Rubber doll or wax figure? New idea to ‘replace’ Lenin’s body in mausoleum sparks communist outrage
A Russian politician has floated an idea to replace Vladimir Lenin’s body with a wax – or rubber – replica, while burying the original. The proposal was promptly branded “delusional and provocative” by Russian communists.

The idea to bury the Bolshevik chief has been repeatedly floated since the collapse of the Soviet Union, yet a local legislator Vladimir Petrov from the Leningrad region – oh, the irony – managed to come up with quite a “refreshing” proposal.

Petrov suggested to bury the mummified body of Vladimir Lenin and replace it with an exact copy – made of wax or some sort of “rubber-polymer” compound. Such move would honor Lenin’s last wish to be buried, please those who enjoy Lenin’s stay in the iconic mausoleum, as well as drastically cut the costs on maintaining the facility, according to the politician.

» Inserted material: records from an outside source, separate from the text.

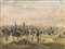Raro mobile "Zimmer Reise", Austria, prima metà sec. XIX, in radica di noce con parti ebanizzate, parte superiore modellata a tempietto con due finestrelle per visionare le immagini, parte inferiore con due fintii sportelli con formelle cuspidate inquadrate tra colonne, base rettilinea, cm 99x63x156, completo di otto incisioni acquerellate, alcune danneggiate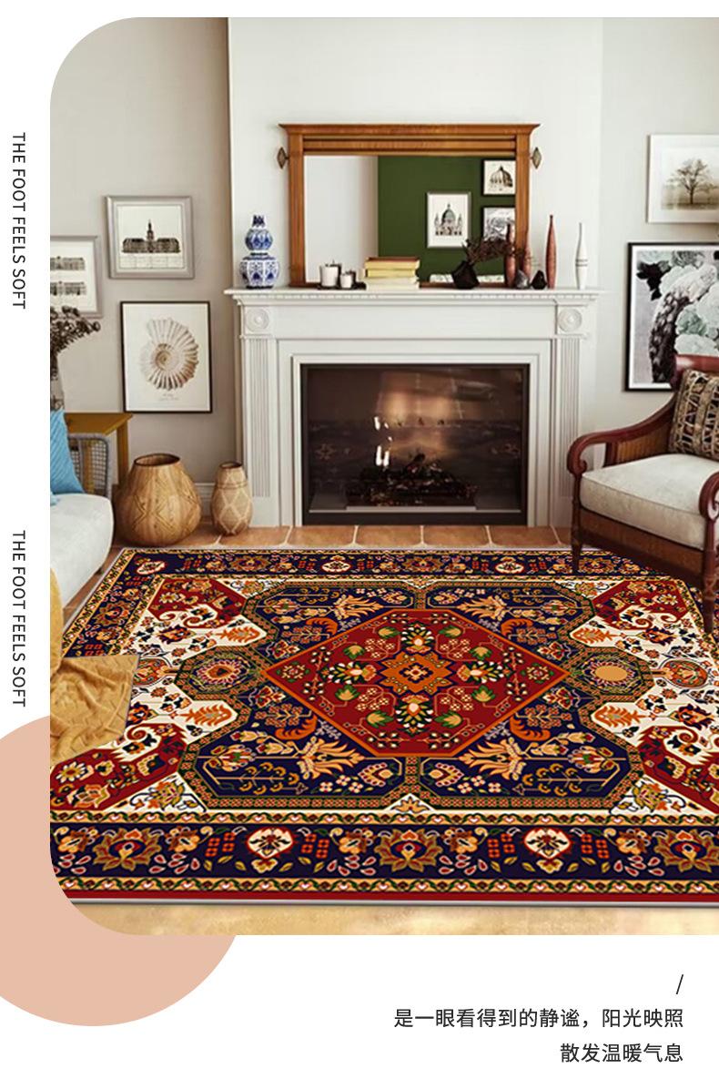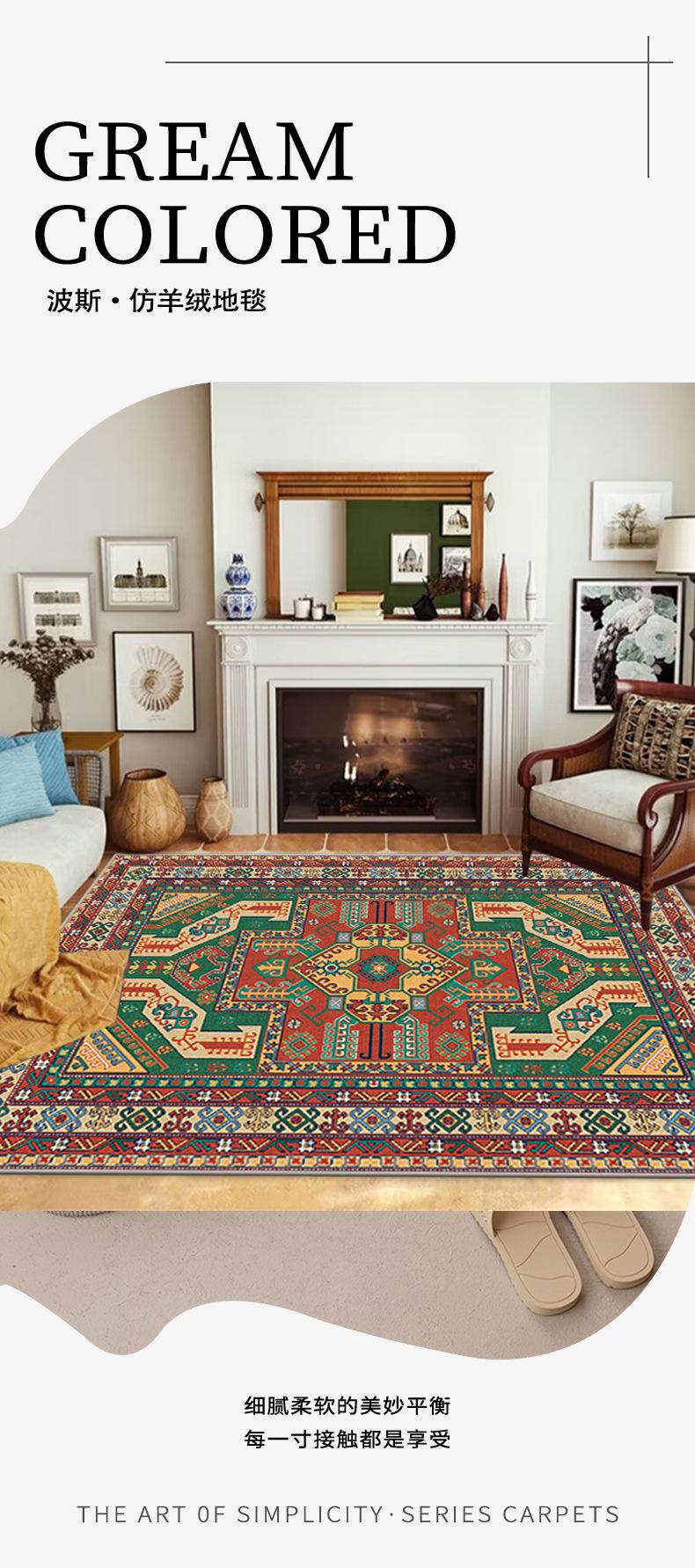 Alfombra Americana Retro Transfronteriza Estilo Étnico Persa Sala de Estar Sofá Mesa de Centro Felpudo Imitación Cachemira Dormitorio Cama Manta de Noche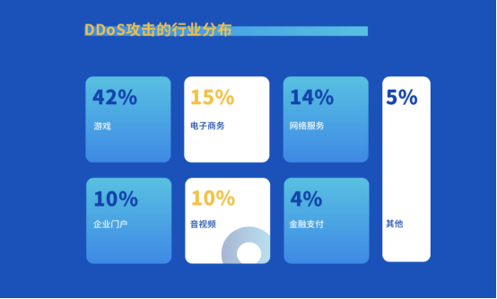 由于游戏行业流水量大、变现速度快,当仁不让的成为了DDoS的攻击目标,2019年上半年遭受DDoS攻击的行业中,游戏行业占到42%,电商、网络服务、企业门户、音视频等紧随其后。在游戏行业的细分占比中,手游占比高达45%。作为出海的主力军,游戏企业不断扩展海外业务。海外DDoS攻击同样很猖獗,企业基本都面临着海外自建DDoS防护成本高、建设周期不可控、溯源难上加难等问题。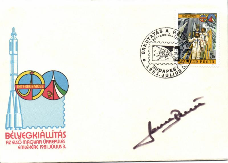 1981 Farkas Bertalan aláírása Szovjet-magyar közös űrrepülés borítékon https://www.darabanth.com/de/115-Fernauktion/115.0/Andere-Sammelgebiete/~50073/1981-Farkas-Bertalan-alairasa-Szovjet-magyar-kozos-urrepules-boritekon~II300250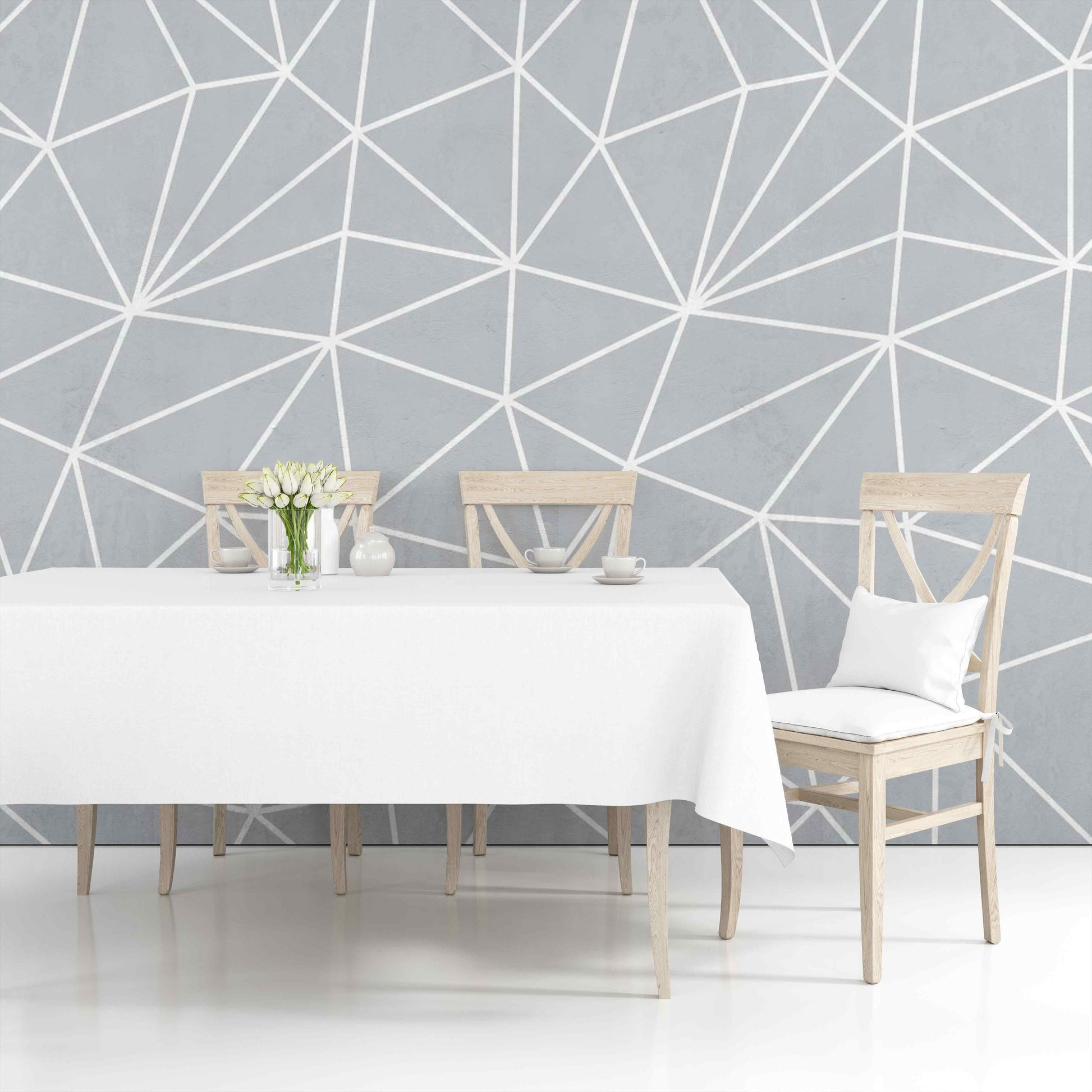 El mural de triángulos grises con líneas blancas es una obra de arte intrigante y dinámica. Los triángulos grises se entrelazan en una composición geométrica, creando una sensación de movimiento y equilibrio. Las líneas blancas añaden un contraste nítido, realzando la estructura y la profundidad del mural. Este diseño geométrico aporta una estética moderna y contemporánea, agregando un toque de estilo distintivo a cualquier espacio.
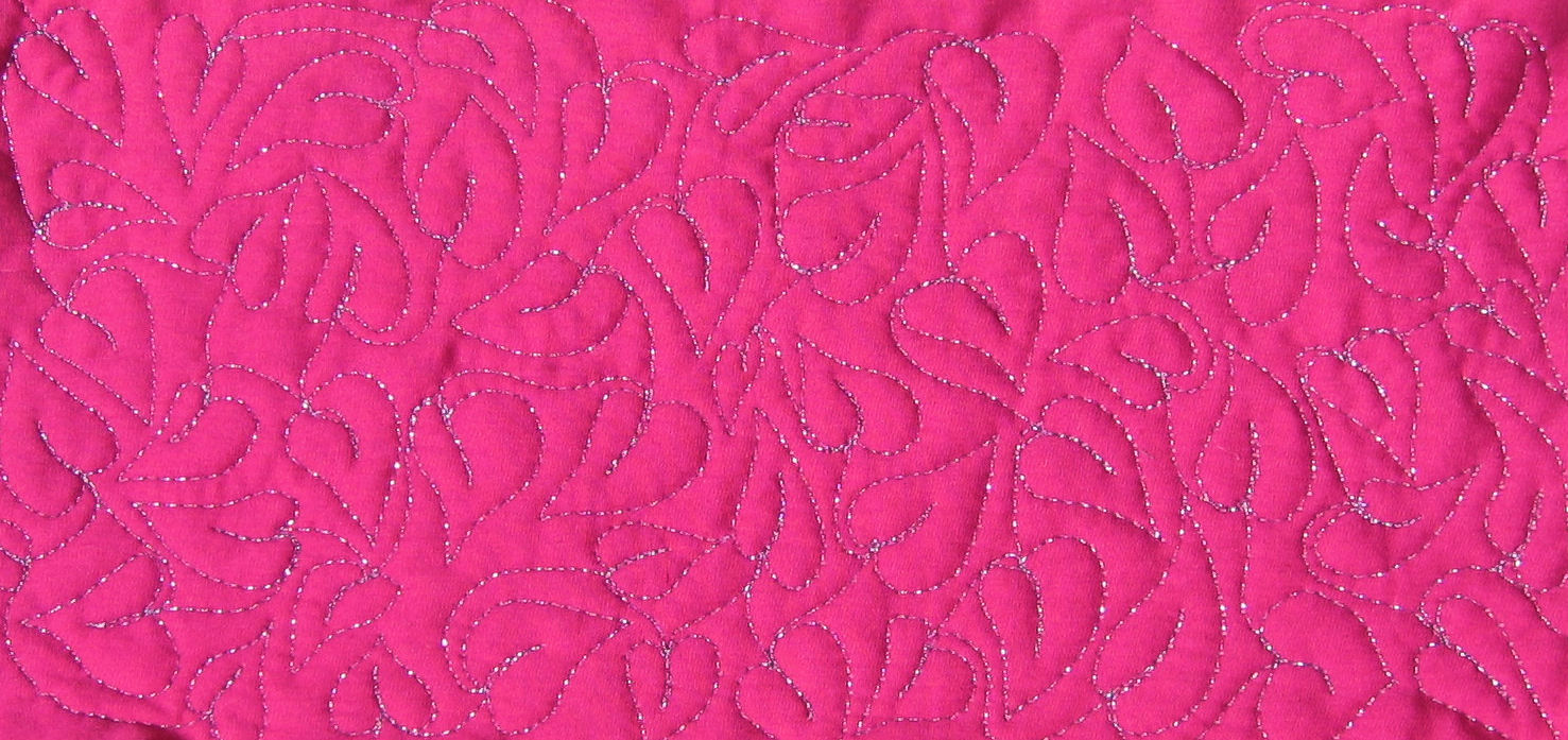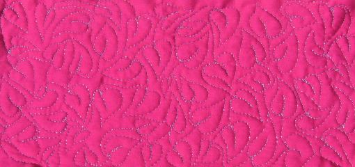 My final piece. I decided to get away from the off-white fabric and used a large scrap of bright pink cotton I’ve had for 25+ years! I just stitched basic leaves, but in silver to show the effect of metallic thread (Wonderfil) on a plain background.
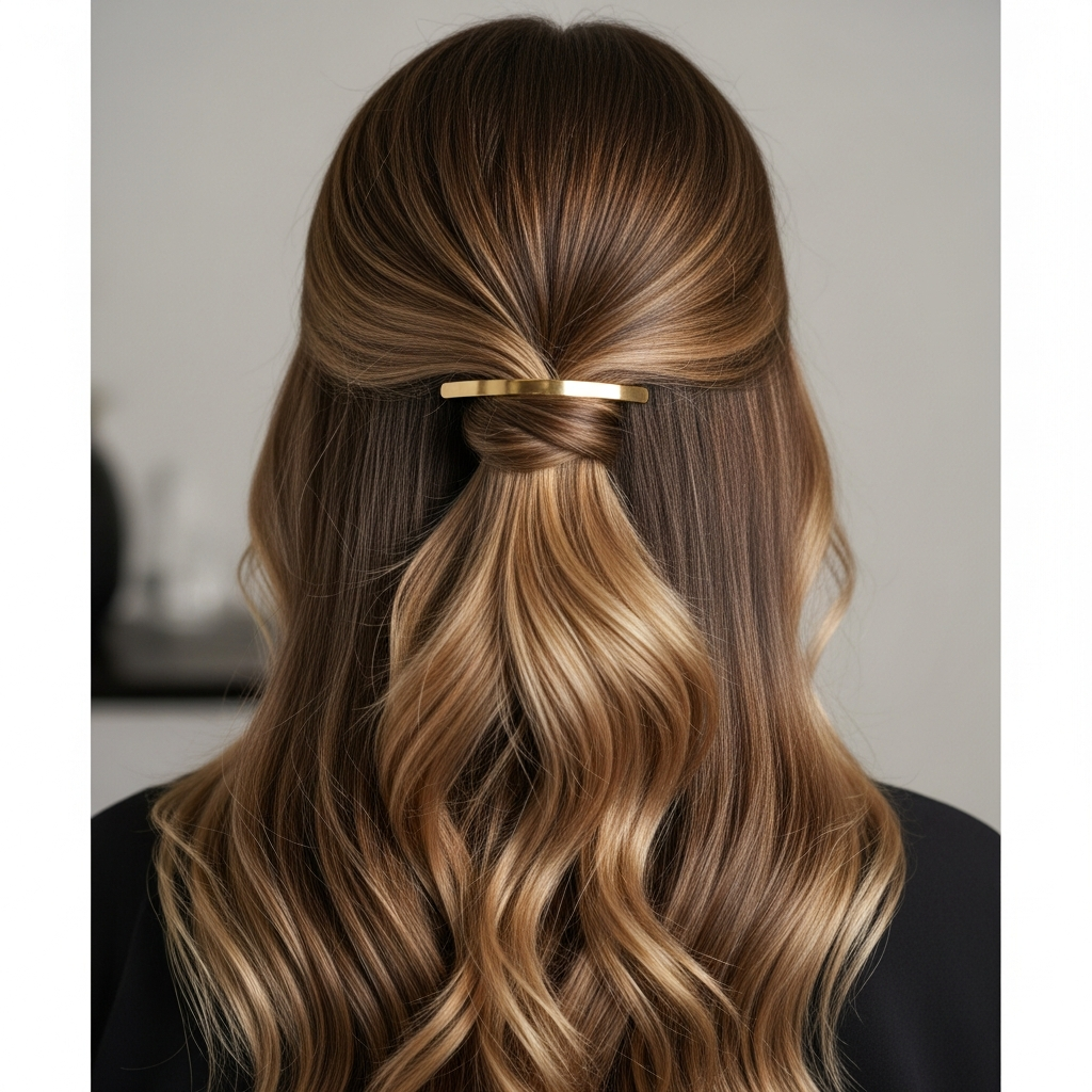 The twisted half-up style is a modern evolution of the traditional half-down look. Take two sections of hair from the front and twist them away from the face, securing them at the back with a minimalist metal clip or a silk ribbon. This style keeps the hair controlled while showcasing the full length of the tresses behind the shoulders. It strikes a perfect balance between casual comfort and professional decorum.

Communists, however, were outraged with Petrov’s idea instead, branding it a “provocation” aimed at sowing dissent in Russian society. The legislator has repeatedly tried to do so and openly expressed “anti-Soviet” views, according to the head of the Communist Party's press service Aleksander Yuschenko.

“It's an absolutely disgraceful, delusional idea. If deputy Petrov still has a fraction of conscience and sensible approach to history, he'll be definitely ashamed of this pseudo-idea,” deputy chief of Russian Communist Party's Central committee Dmitri Novikov told RIA Novosti.

The idea to bury Lenin has been repeatedly expressed by some politicians and activists over the past 30 years, while communists have been strongly opposing it. Backers of the idea commonly cite costs of maintaining the tomb, alleged necessity to “bury” the communist past of the county, Orthodox Christian traditions, as well as other things to advocate Lenin's funeral.

READ MORE: ‘Where does Lenin sleep?’ Moscow reveals some bizarre questions of World Cup fans

Authorities, however, distanced themselves from the Lenin burial controversy, explaining that such a move would have little practical value while being potentially offensive to many people.